The deepchecks model evaluation suite is relevant any time you wish to evaluate your model. For example:

Thorough analysis of the model’s performance before deploying it.
Evaluation of a proposed model during the model selection and optimization stage.
Checking the model’s performance on a new batch of data (with or without comparison to previous data batches).

Here we’ll build a regression model using the wine quality dataset (deepchecks.tabular.datasets.regression.wine_quality), to demonstrate how you can run the suite with only a few simple lines of code, and see which kind of insights it can find.

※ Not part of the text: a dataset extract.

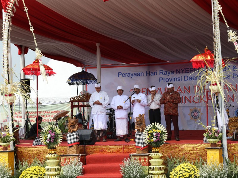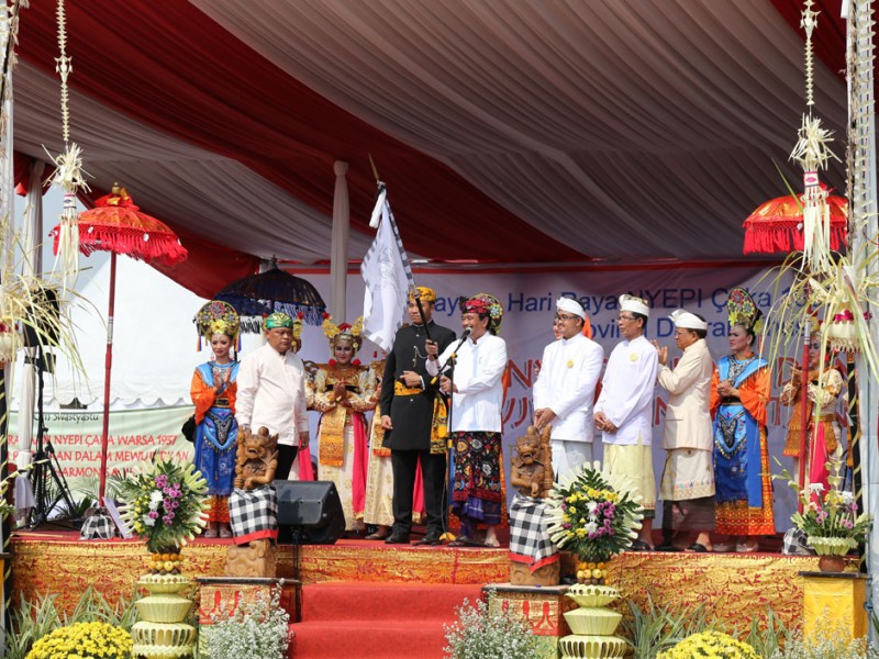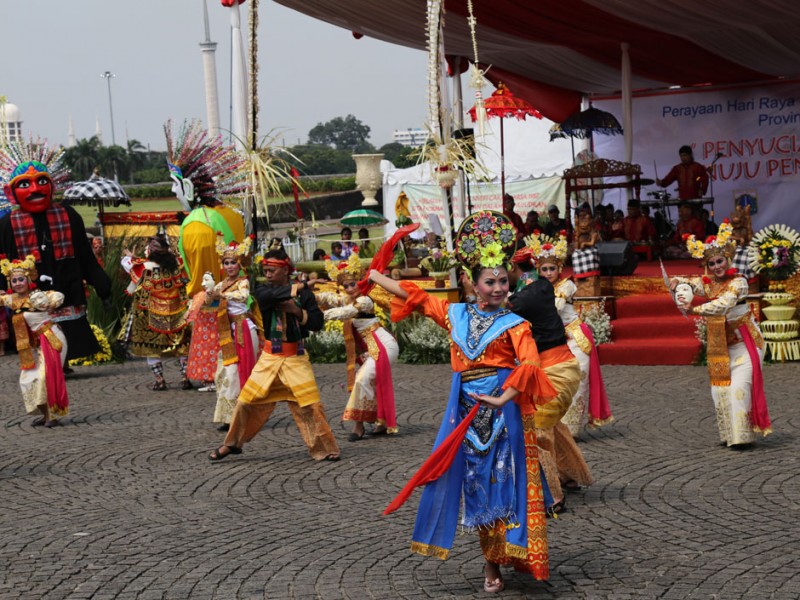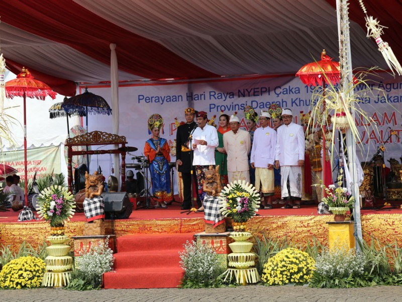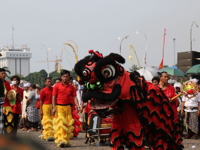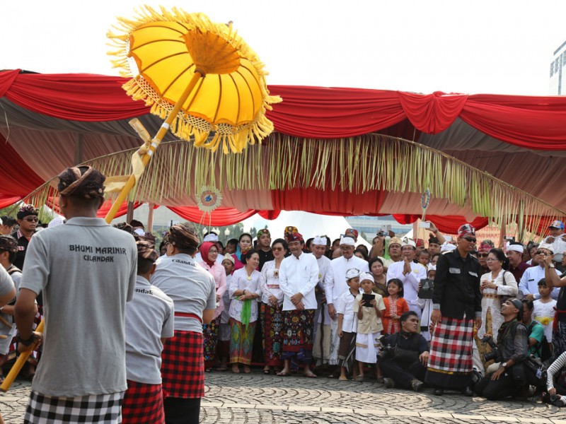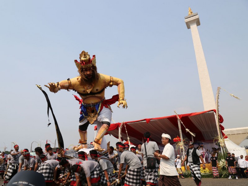 Wakil Gubernur DKI Jakarta, Djarot Saiful Hidayat membuka pelaksanaan Tawur Agung Kesanga dan Parade Ogoh-ogoh dalam rangka mempringati Hari Raya Nyepi Tahun Baru Saka 1937, di kawasan silang Monas, Gambir, Jakarta Pusat, Jumat (20/3/2015). Sebanyak 15 Ogoh-ogoh diarak mengelilingi kawasan Monas. (Foto: Reza/beritajakarta.com)

# Before we start, if you don't have deepchecks installed yet, run:
import sys
!{sys.executable} -m pip install deepchecks -U --quiet

# or install using pip from your python environment

Prepare Data and Model#

Load Data#

from deepchecks.tabular.datasets.regression import wine_quality

data = wine_quality.load_data(data_format='Dataframe', as_train_test=False)
data.head(2)

	fixed acidity	volatile acidity	citric acid	residual sugar	chlorides	free sulfur dioxide	total sulfur dioxide	density	pH	sulphates	alcohol	quality
0	7.4	0.70	0.0	1.9	0.076	11.0	34.0	0.9978	3.51	0.56	9.4	5
1	7.8	0.88	0.0	2.6	0.098	25.0	67.0	0.9968	3.20	0.68	9.8	5

Split Data and Train a Simple Model#

from sklearn.model_selection import train_test_split
from sklearn.ensemble import GradientBoostingRegressor

X_train, X_test, y_train, y_test = train_test_split(data.iloc[:, :-1], data['quality'], test_size=0.2, random_state=42)
gbr = GradientBoostingRegressor()
gbr.fit(X_train, y_train)

GradientBoostingRegressor()

Run Deepchecks for Model Evaluation#

Create a Dataset Object#

Create a deepchecks Dataset, including the relevant metadata (label, date, index, etc.). Check out deepchecks.tabular.Dataset to see all the column types and attributes that can be declared.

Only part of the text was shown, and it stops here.